Все студенты в вестибюле не умещаются: тесно. Забрались повыше, толкутся на верхней балюстраде, облепили лестницу. Часть вообще кейфует на улице: слоняются, курят, переругиваются лениво, греясь на остывающем солнышке перво­го осеннего дня.

Там и сям плакаты колышутся: «УМЭ, поумней!», «Ума УМЭ!», «Не хо­тим!» — причем последняя буква «м», крест-накрест зачеркнута. Смысл такой: не хотят в аббревиатуре «УМЭ» буквы «м» — марксизма, сиречь, не хотят.

В апельсиновой «Волге» подъезжает; к ней не то чтоб кидаются, нет, но степенно подходят:

— Вера Францевна, требуем митинга!

— Вера Францевна, мы на митинг вас приглашаем!

— Из спецхрана Флоренского вызволить!

— И Бердяева!

— И Шестова!

— Вера Францевна, вы скажите!

— Вере Францевне слово!

Вера Францевна поднимается из-за стола. Говорит спокойно и взвешенно: да, название нашего УМЭ устарело, им канонизируется монополия одной только методологии, мы должны обратиться в правительство с просьбой о переименова­нии Alma mater. Но не так-то все просто; отцы наши погибали на фронте, и рядом с комсомольскими билетами в карманах их гимнастерок находили студенческие билеты УМЭ. Посмотрите на мраморную доску при входе, сколько было их, отважных умельцев. Через многое придется перешагнуть! Как университет назы­ваться должен? Тут все надо взвесить спокойно, без крика.

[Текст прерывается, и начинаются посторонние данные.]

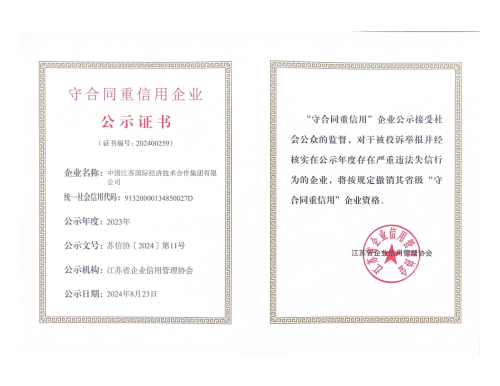 日前,中江国际集团收到江苏省企业信用管理协会颁发的2023年度省级“守合同重信用”企业公示证书,这是集团自2021年度以来蝉联该称号。
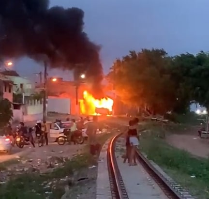 Um micro-ônibus da Jardinense está em chamas na Cidade da Esperança, próximo ao Detran/RN. As ações incendiárias continuam pela cidade, apesar do reforço na segurança.
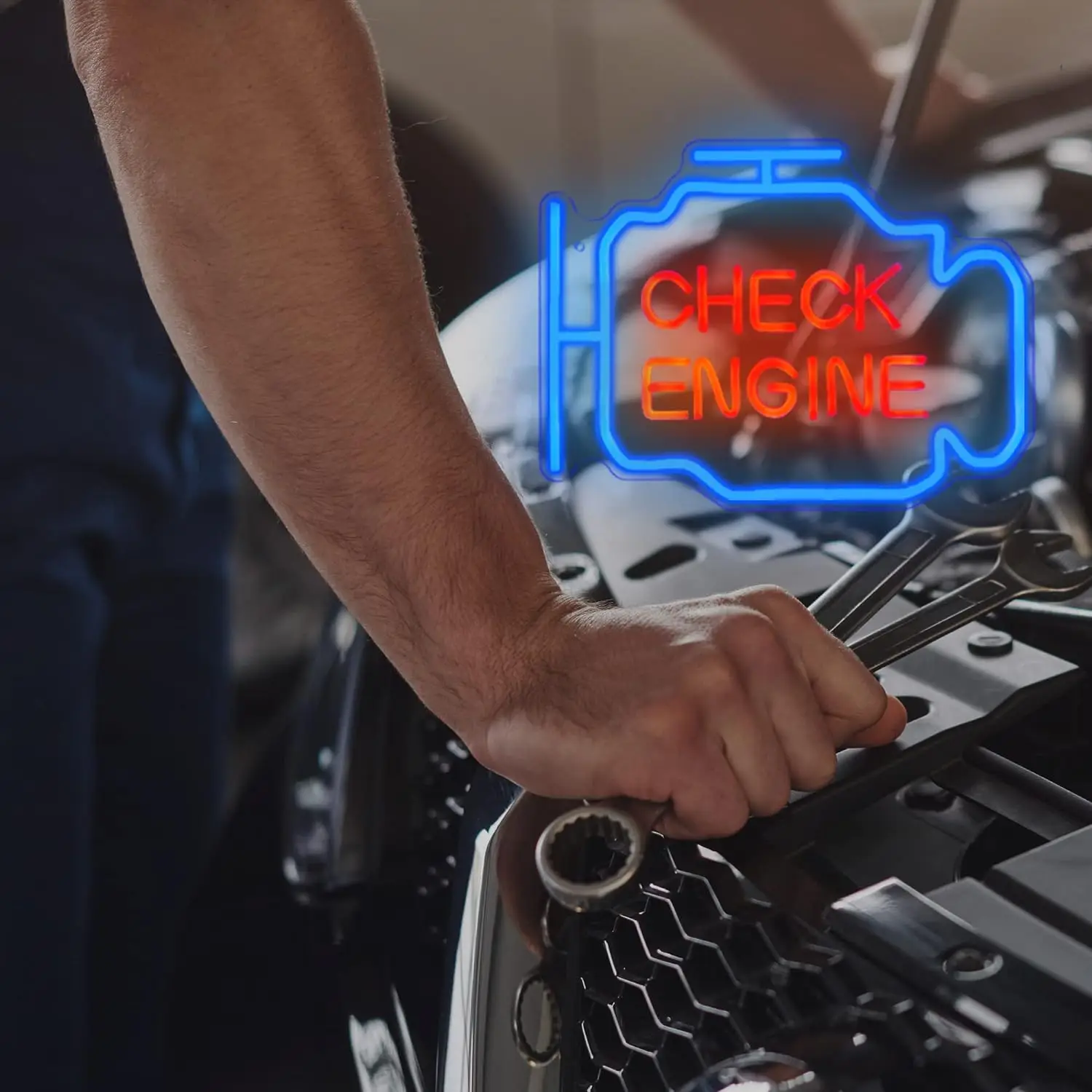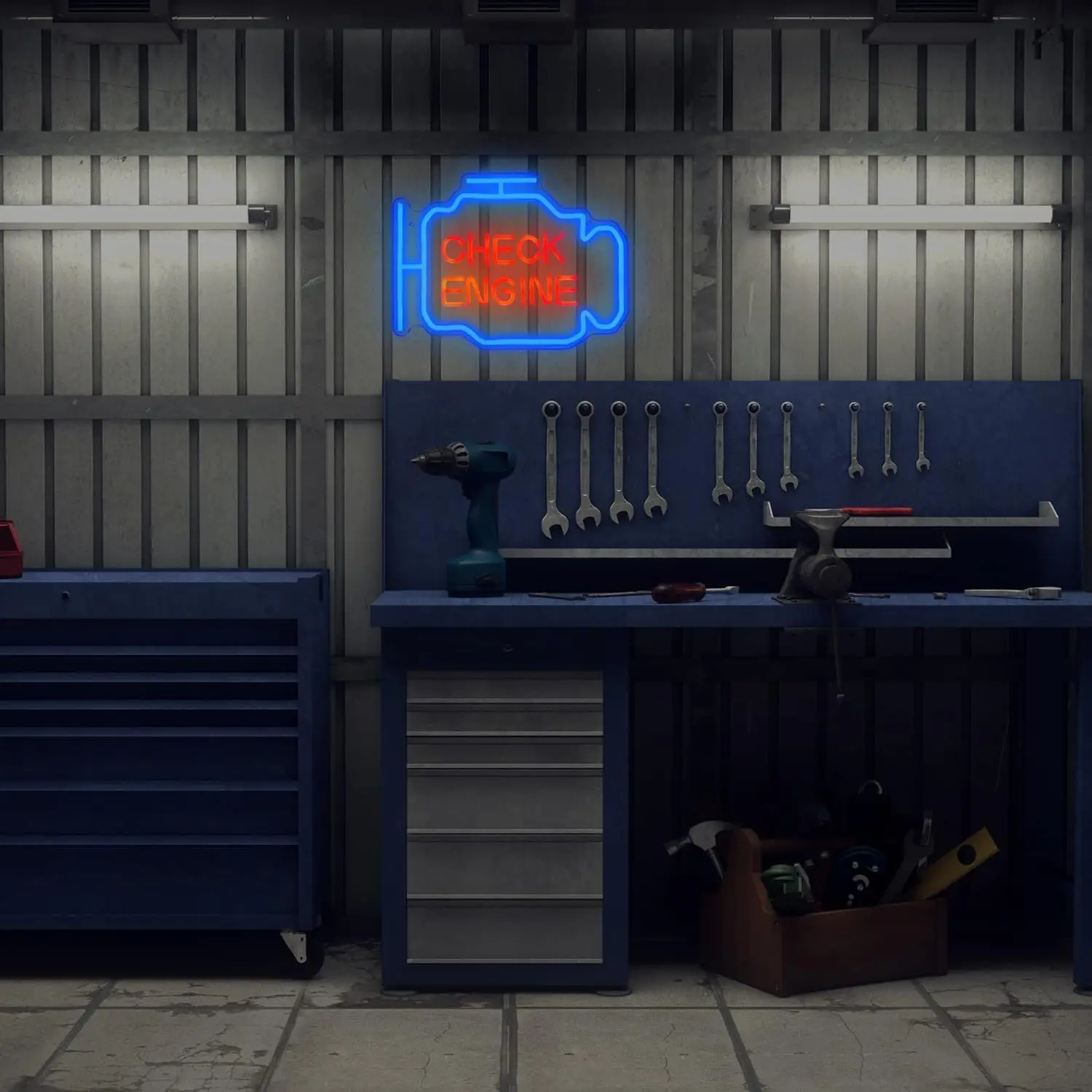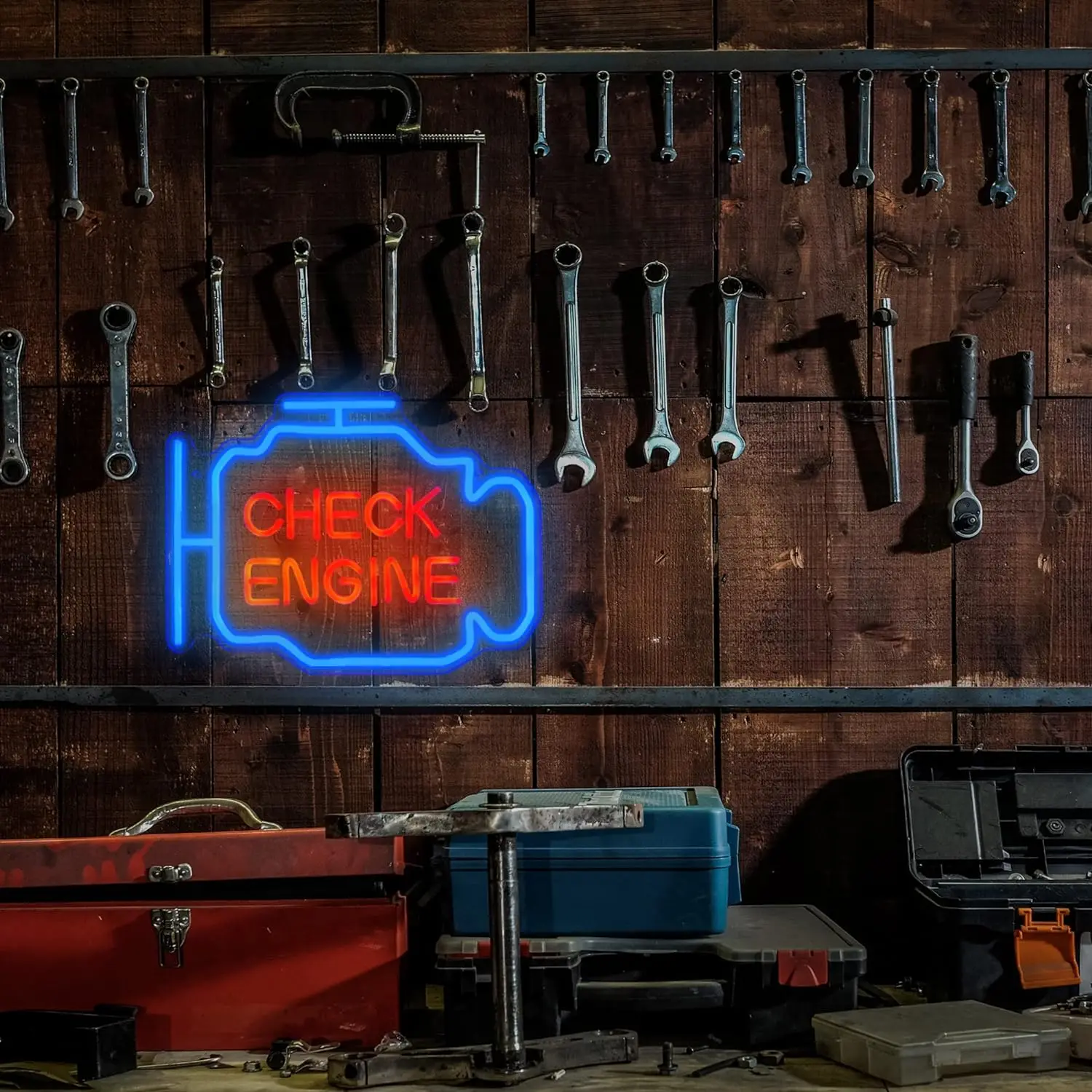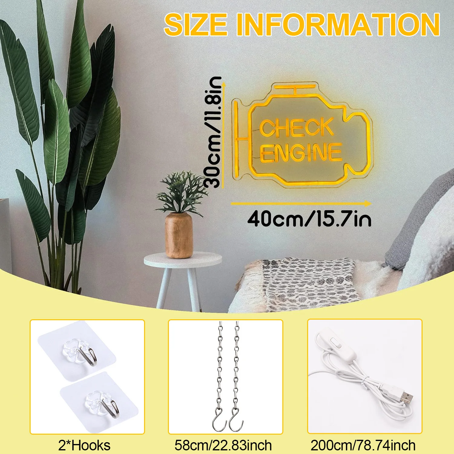 Check Engine Neon Sign for Wall decor Dimmable Car LED Sign Night Light USB Powered for Garage Workshop Auto Repair Shop
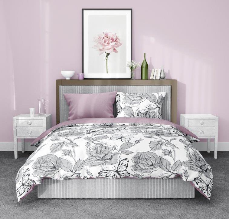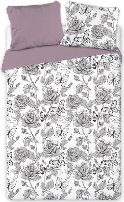 Saténové obliečky ELEGANT Butterfly - biele / fialové - 160x200 cm
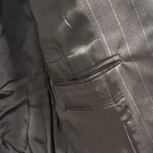 Sophisticated charcoal pinstripe blazer. Ideal for business or formal events. Tailored fit with classic design.
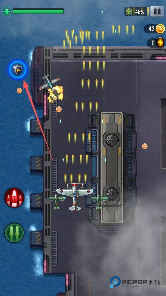 3、收集掉落的道具,增强战机的能力。
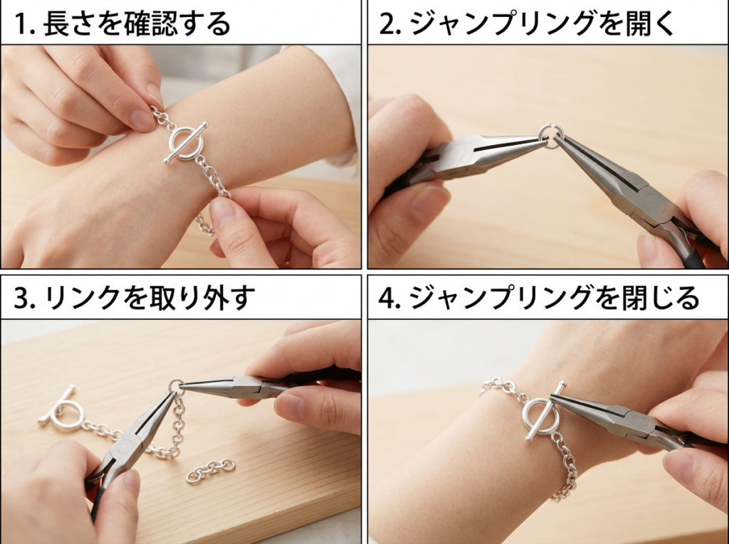 ブレスレットを自分で短くする方法|調整するための手順を図解で解説
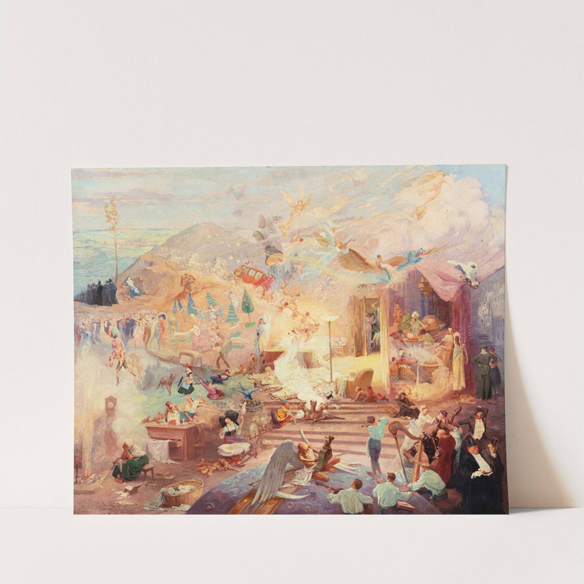 This vibrant print captures "Phantasmagorical Scene, also called Liberty" by Adolphe Léon Willette. The artwork bursts with energy and color, depicting a bustling outdoor market filled with activity. Sunlight bathes the scene in warm hues of orange and pink, creating...

— Хорошо, а если просто «Московский»?

— МЭУ? — мяукают в зале.

— Да чего там: «Русский»! Или: «Российский»! — это юноша из россиян-патриотов, неизменно выкрикивающих свои лозунги и предложения надрывно, истошно.

— А грузинам в него нельзя?

— А узбекам?

Вера Францевна пережидает:

— В общем, надо подумать,— размышляет она, и в зале становится тихо. Говорит она и о том, что с нового учебного года начинает работать комиссия по пересмотру программ. В нее вводятся и представители от студенчества. Что еще? Про картошку. Да, поехать придется. Но работу будут оплачивать...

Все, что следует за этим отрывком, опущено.